What to do
Every line of the records below from the line with "콩이관 1층은 챔피언" up to and including the line with "已知:如图,∠B=∠D,∠DAB=∠EAC,AB=AD.求证:BC=DE." must be reproduced exactly, and no line outside that range.

*** Begin section ***

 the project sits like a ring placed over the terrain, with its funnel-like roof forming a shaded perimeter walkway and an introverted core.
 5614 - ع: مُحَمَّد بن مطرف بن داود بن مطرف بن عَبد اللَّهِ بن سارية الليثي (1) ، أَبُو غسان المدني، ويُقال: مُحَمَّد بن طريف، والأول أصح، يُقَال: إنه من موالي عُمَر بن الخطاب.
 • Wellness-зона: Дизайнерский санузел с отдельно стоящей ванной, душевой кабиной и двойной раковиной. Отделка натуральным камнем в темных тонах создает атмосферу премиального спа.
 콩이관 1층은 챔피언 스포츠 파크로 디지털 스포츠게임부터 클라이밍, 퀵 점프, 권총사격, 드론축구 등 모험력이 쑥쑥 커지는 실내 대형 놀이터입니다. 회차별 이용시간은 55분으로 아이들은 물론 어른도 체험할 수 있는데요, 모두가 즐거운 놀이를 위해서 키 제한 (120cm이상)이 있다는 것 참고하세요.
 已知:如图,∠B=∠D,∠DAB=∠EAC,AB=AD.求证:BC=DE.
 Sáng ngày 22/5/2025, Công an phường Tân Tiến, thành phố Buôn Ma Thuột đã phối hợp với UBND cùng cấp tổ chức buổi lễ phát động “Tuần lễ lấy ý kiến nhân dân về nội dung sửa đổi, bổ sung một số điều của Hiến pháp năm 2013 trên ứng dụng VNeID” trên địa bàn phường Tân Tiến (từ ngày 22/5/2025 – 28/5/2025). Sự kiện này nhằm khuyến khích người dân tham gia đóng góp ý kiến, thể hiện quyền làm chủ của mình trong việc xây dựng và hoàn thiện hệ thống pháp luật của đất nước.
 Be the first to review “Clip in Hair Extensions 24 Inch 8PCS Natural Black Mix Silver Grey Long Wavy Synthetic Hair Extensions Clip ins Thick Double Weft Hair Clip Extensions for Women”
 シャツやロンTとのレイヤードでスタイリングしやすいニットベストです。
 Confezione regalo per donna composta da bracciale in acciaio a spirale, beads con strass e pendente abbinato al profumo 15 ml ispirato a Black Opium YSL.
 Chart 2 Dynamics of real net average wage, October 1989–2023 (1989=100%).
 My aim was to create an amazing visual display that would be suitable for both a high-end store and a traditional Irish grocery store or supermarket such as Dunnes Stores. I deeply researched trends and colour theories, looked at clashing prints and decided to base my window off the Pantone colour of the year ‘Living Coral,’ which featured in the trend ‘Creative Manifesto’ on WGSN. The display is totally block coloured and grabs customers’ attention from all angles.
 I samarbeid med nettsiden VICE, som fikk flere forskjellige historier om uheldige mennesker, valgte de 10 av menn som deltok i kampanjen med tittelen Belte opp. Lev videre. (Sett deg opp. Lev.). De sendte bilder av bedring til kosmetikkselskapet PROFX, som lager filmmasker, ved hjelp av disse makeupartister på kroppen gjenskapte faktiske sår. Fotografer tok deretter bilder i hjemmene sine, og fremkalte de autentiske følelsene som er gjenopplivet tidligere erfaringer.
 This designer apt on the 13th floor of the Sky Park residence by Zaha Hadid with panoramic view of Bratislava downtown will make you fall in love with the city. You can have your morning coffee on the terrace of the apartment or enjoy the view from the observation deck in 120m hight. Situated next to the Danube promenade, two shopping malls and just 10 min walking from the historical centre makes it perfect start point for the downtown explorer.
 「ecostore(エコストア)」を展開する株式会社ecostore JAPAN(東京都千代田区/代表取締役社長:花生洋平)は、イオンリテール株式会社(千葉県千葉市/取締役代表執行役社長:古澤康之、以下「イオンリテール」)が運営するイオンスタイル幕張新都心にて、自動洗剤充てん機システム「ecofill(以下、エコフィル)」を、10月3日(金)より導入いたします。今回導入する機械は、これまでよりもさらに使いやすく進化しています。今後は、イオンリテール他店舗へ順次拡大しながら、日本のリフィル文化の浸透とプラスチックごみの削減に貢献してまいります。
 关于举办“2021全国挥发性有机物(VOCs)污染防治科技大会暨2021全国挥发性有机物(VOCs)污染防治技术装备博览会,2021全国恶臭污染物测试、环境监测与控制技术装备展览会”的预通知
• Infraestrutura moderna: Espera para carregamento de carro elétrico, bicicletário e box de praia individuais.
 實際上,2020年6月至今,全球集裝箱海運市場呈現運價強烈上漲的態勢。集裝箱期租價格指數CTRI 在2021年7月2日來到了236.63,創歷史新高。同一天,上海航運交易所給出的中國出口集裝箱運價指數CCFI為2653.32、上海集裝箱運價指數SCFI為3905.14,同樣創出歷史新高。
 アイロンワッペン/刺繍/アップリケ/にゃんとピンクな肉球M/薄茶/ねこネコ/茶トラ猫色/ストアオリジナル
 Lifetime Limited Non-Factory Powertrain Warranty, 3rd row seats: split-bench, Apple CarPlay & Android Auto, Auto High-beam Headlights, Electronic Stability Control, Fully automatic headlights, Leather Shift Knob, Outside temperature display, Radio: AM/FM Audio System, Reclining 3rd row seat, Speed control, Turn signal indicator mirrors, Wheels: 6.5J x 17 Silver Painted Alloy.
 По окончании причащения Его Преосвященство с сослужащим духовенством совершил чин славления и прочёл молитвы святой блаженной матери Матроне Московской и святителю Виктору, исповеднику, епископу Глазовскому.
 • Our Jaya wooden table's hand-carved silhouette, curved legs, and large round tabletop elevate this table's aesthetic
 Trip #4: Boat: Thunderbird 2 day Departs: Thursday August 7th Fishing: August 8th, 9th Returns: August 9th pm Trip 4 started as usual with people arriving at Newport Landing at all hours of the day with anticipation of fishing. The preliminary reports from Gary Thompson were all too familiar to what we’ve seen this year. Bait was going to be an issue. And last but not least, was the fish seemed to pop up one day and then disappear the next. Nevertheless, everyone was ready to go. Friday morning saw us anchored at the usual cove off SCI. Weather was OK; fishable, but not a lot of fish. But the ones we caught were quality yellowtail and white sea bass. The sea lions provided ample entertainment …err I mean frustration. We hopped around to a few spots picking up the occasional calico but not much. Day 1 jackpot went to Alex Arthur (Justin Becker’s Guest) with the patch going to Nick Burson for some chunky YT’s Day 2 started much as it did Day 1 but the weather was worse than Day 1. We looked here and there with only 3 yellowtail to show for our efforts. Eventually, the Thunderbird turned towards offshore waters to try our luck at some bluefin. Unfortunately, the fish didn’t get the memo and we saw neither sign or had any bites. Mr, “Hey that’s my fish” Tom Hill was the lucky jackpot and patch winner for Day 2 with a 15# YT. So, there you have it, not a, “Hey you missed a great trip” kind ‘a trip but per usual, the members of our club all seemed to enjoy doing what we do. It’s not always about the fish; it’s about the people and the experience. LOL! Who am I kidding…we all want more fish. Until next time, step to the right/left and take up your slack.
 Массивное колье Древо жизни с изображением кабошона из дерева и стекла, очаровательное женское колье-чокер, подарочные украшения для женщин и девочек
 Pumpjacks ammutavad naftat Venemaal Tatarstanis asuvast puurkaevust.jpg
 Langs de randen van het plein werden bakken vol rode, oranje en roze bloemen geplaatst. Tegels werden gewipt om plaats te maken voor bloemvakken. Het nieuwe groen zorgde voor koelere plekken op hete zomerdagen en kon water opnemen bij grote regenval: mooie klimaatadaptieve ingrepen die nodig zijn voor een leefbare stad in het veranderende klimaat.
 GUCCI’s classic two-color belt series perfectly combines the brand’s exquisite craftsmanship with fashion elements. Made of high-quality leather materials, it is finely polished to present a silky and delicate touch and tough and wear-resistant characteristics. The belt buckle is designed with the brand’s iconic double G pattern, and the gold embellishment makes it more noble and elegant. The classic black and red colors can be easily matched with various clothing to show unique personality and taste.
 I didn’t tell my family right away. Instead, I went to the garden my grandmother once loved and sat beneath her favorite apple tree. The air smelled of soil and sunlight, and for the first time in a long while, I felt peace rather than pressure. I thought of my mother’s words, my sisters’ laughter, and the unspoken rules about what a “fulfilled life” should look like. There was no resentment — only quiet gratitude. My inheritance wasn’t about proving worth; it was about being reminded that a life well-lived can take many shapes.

*** End section ***

Your response
 콩이관 1층은 챔피언 스포츠 파크로 디지털 스포츠게임부터 클라이밍, 퀵 점프, 권총사격, 드론축구 등 모험력이 쑥쑥 커지는 실내 대형 놀이터입니다. 회차별 이용시간은 55분으로 아이들은 물론 어른도 체험할 수 있는데요, 모두가 즐거운 놀이를 위해서 키 제한 (120cm이상)이 있다는 것 참고하세요.
 已知:如图,∠B=∠D,∠DAB=∠EAC,AB=AD.求证:BC=DE.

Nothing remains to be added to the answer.